‘Safety last’: Lack of urgency over positive train control costs lives
After a 2008 collision between a commuter train and a freight train in Chatsworth, California, left 25 dead, Congress moved quickly to include a safety system known as positive train control (PTC) in legislation mandating transportation upgrades. Signed into law in October of that year, the Rail Safety Improvement Act of 2008 required PTC technology on all of the nation’s rails by Dec. 15, 2015.
But the remarkable (and bipartisan) momentum seen in the wake of the Chatsworth accident proved difficult to sustain. Almost seven years after passage of the safety law, and five years since the federal transportation rules were finalized, PTC is not in place and implementation is behind schedule across large parts of the United States rail network.
Amtrak — which was created by the federal government in 1970 as a for-profit entity, but, like all major passenger railways worldwide, requires supplemental government funding — has traditionally been the target of budget hawks and anti-government crusaders. The railroad regularly faces calls for cost cutting and self-sufficiency.
And fatal passenger train accidents in 2013, 2104 and this week have so far failed to significantly alter that dynamic.
Less than a day after an Amtrak passenger train derailed in North Philadelphia, killing eight, the Republican-controlled House Appropriations Committee approved a bill Wednesday that would cut Amtrak’s budget for capital improvements.
As reported yesterday by Al Jazeera — and later confirmed by the National Transportation Safety Board (NTSB) — Tuesday night’s accident happened on a stretch of track that still had not been outfitted with a working PTC system.
“We have called for positive train control for many, many years,” said NTSB member Robert Sumwalt. “It's on our most wanted list. Congress has mandated that it be installed by the end of this year.”
“Based on what we know right now,” he said, “we feel that, had such a system been installed in this section of track, this accident would not have occurred.”

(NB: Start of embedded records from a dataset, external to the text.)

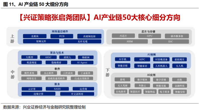 此外,从当前股价位置来看,年初以来涨幅落后、且仍未回补关税冲击以来缺口的方向包括上游光模块、高速铜连接、液冷服务器、HBM、GPU、PCB等,中游基础及通用软件、操作系统、大模型、网络安全、行业应用软件等,下游AI穿戴设备、AI手机、数字媒体、虚拟现实、出版、无人机等。
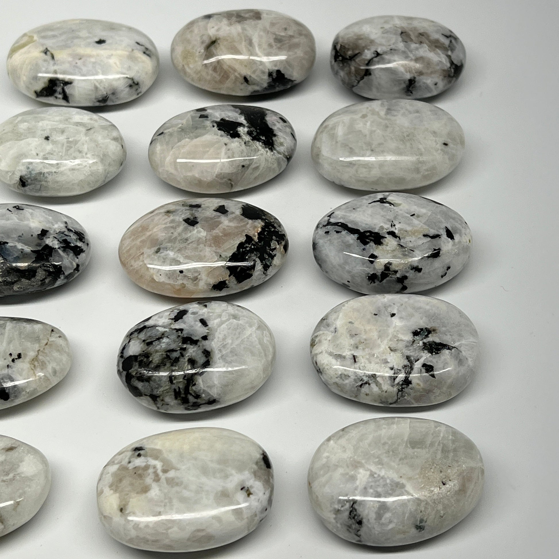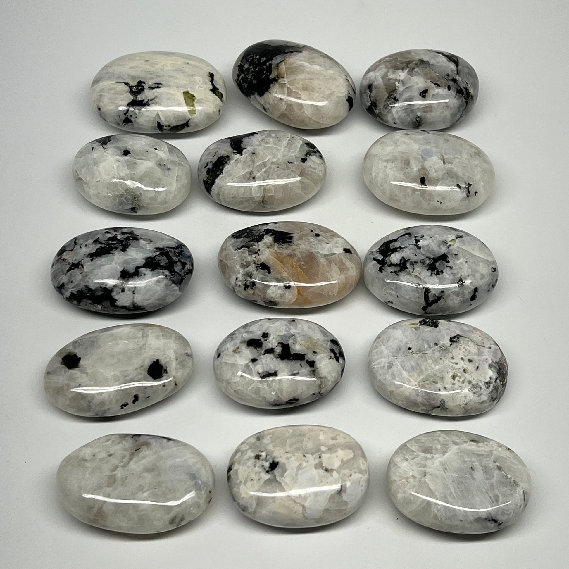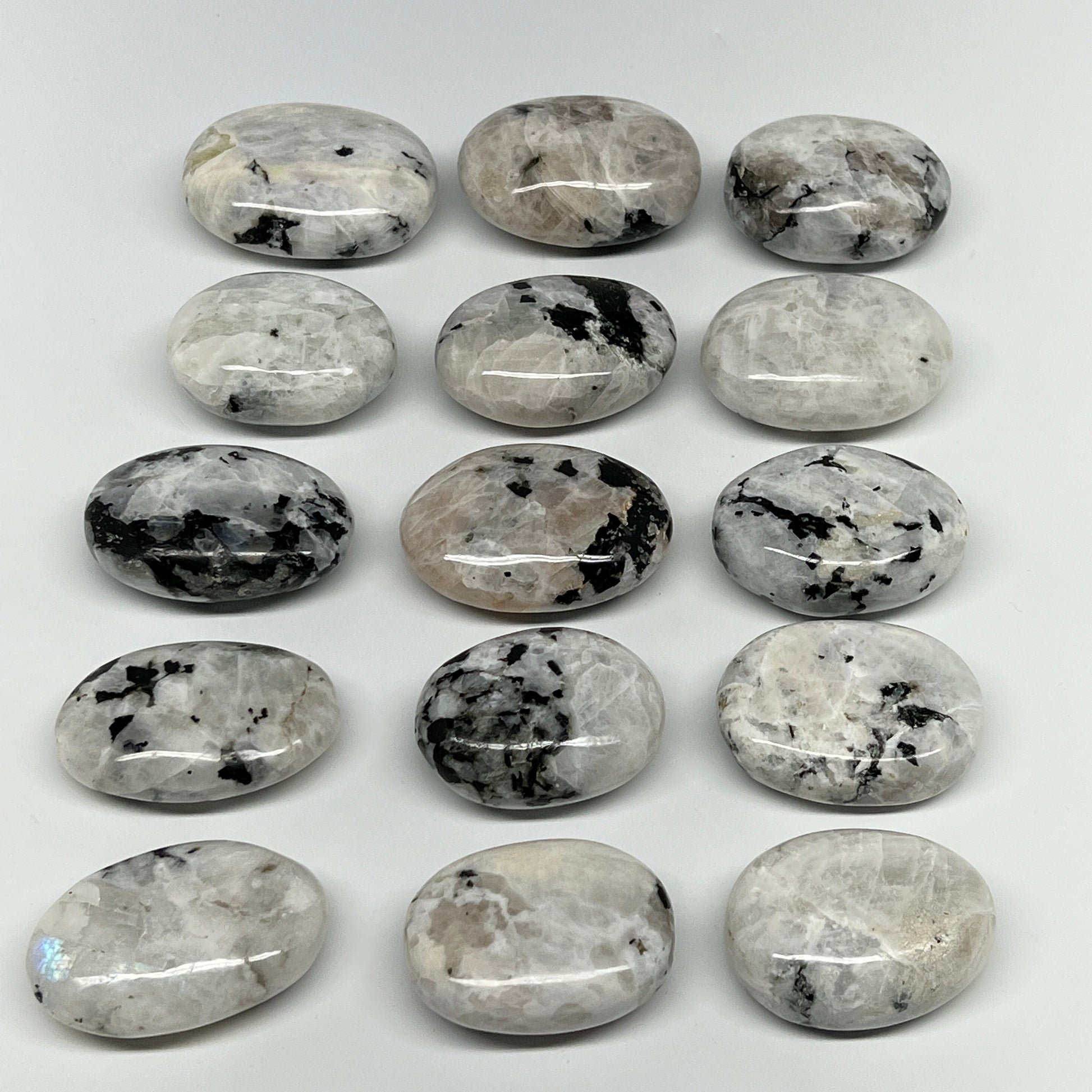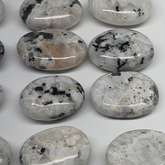 2.2 lb, 1.9"-2.3", 15 pcs, Rainbow Moonstone Palm-Stone Polished Reiki Crystal, B21348
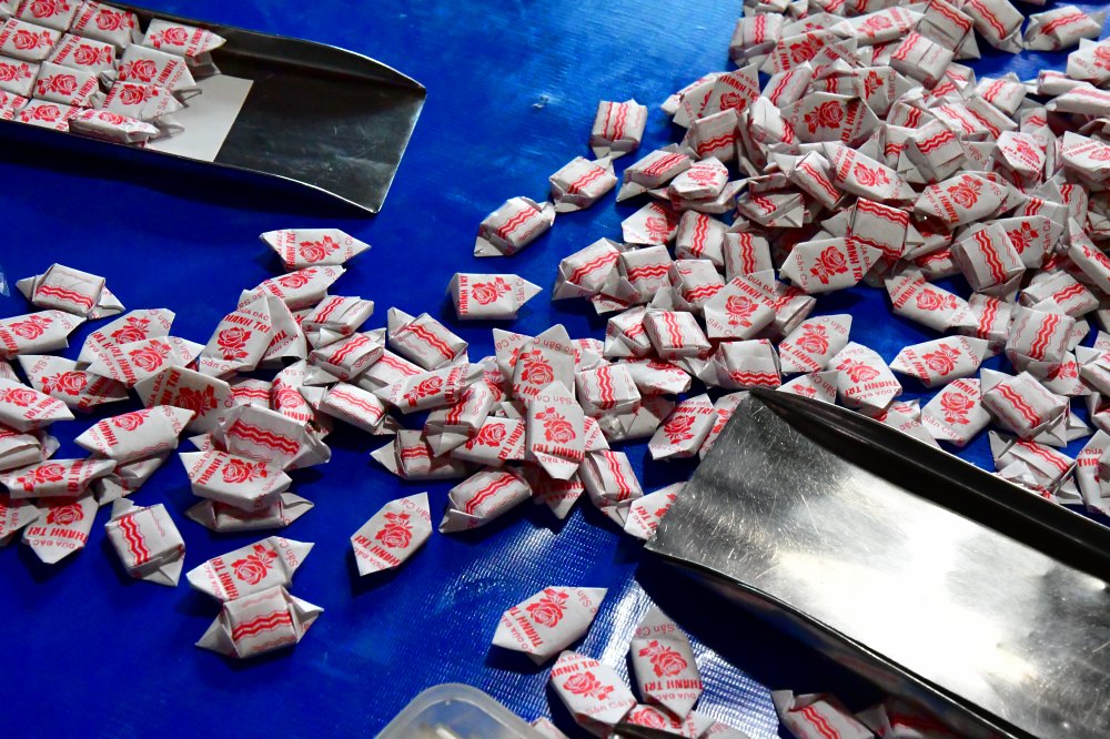 Finalement, nous nous décidons pour quelque chose d'original et que nous pouvons offrir : des caramels au goût de camembert, fabriqués sous nos yeux !
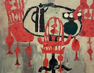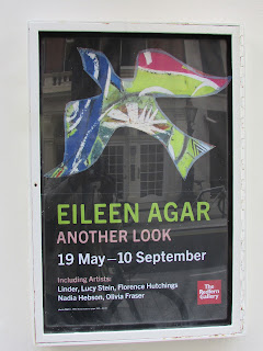 I didn't get to see Eileen Agar: Angel of Anarchy the recent large retrospective at the Whitechapel gallery sadly, but was fortunate enough to be able to make it to this exhibition at the Redfern Gallery celebrating the art of Agar and featuring five invited contemporary artists. The work and spirit of Agar presides over this show like a high priestess whose acolytes pay due homage to her through their own work. Known for early associations with the Surrealist movement, this exhibition displays some fine examples of Agar's work ranging from her abstract paintings to her densely layered collages. The paintings demonstrated make you realise just what a fine colourist Agar was featuring a palette dominated here by a variety of cool blues and greens punctuated by contrasting hot oranges and pinks. I was also very impressed with how proficient Agar was with her collage technique, cutting and pastingg to create richly layered inventive compositions. Just across Cork Street is Waddington Custot currently hosting their Peter Blake: Time Traveller, an excellent exhibition of Blake's collages (here). Blake uses collage to tell imaginative, fantastic stories featuring famous figures. Agar uses the collage technique to exploit surface texture and pattern in her work, employing an array of materials to dazzling effect. Of the other associated artists invited to participate in this show it is perhaps Linder (famed for her 1977 Buzzcocks Orgasm Addict single artwork), with her surreal collages who works most closely in the spirit of Agar. They look as though they could have been created back in the 1920s at the height of the Surrealism movement. I wasn't aware of the paintings of Florence Hutchings previously, but loved these collaged paintings of tables and chairs which also looked as though they were conjured from an early period in art history evoking the Cubist works of Picasso, Braque and Gris. The last artist on show here whose work caught my eye was Olivia Fraser with her paintings which were more obviously influenced and derived from Eastern religions, but again still have the sense of the esoteric and mysticismwhich could similarly be attributed to the work of Agar. this is a really intriguing exhibition and the curators have done a good job with the premise of the exhibition and selection of artists and artworks.

Data obtained by Al Jazeera showed the Amtrak train was traveling at 106 mph just feet before entering a curve where the maximum safe speed is 50 mph. The locomotive’s data recorder, recovered Wednesday, showed a speed of 102 mph at the moment the train derailed. A working PTC system would have identified the dangerously high speed and alerted the train’s engineer. If the engineer still failed to sufficiently reduce speed, PTC would have automatically slowed the train well in advance of the curve. (The engineer of the derailed train suffered a concussion and has no recollection of the accident, according to his attorney.)
But Tuesday’s accident was not the first reminder of the potential benefits of PTC.
On Dec. 1, 2013, a Metro-North commuter train derailed in the Bronx after a sleep-deprived engineer failed to slow down in advance of a curve. The train was traveling 82 mph, nearly three times the allowable speed for that turn. The accident left four dead and another 60 people injured. NTSB investigators determined that, had PTC been operational on that stretch of track, the derailment would not have occurred.
That area, as with the rest of the nation’s rail network, is required to have PTC installed by the end of this year. But just last month, Democratic Senators Chuck Schumer, N.Y., and Richard Blumenthal, Conn., introduced legislation to extend the deadline for Metro-North and the Long Island Railroad until 2018.
But that is still two years earlier than alternative proposals, backed by the railway industry, which would extend the deadline for PTC for the entire country through 2020.
Metro-North had attributed the delay to a lack of access to necessary radio spectrum, which allows train and track equipment to communicate, from the Federal Communications Commission and the need to test a pilot PTC program.
But for Amtrak’s northeast corridor, the concern is also budgetary.
Freight and passenger railroads report to have spent $5.2 billion on PTC in the last five years and estimate the cost of a completed system at $10 billion.
“It’s still expensive,” said former NTSB member John Goglia while discussing PTC with MSNBC’s Lawrence O’Donnell. “Amtrak has been struggling with funding for a long time.”
“Amtrak has really suffered from congressional schizophrenia over funding levels,” said Ray LaHood, a former Republican Representative from Illinois and President Obama’s secretary of transportation until 2013. LaHood, who spoke to the New York Times, pointed to federal lawmakers from states not served by passenger rail, “They think Amtrak is just the easy place to cut.”
As if to illustrate LaHood’s observation, Rep. Mike Simpson, a Republican from Idaho and a member of the House Appropriations Committee, chastised his Democratic colleagues for trying to use Tuesday’s derailment as inspiration to restore Amtrak cuts. “It was beneath you,” Simpson said.
Still, by rail advocates' standards, and perhaps through a 2008 lens, now is exactly the time to consider the issue.
“We are seeing events that are absolutely preventable with positive train control, particularly on passenger operations,” said Deborah A. P. Hersman, a former chairwoman of the NTSB and current president and chief executive of the National Safety Council, in an interview with the New York Times.
“When you consider investment priorities, safety comes last,” she said.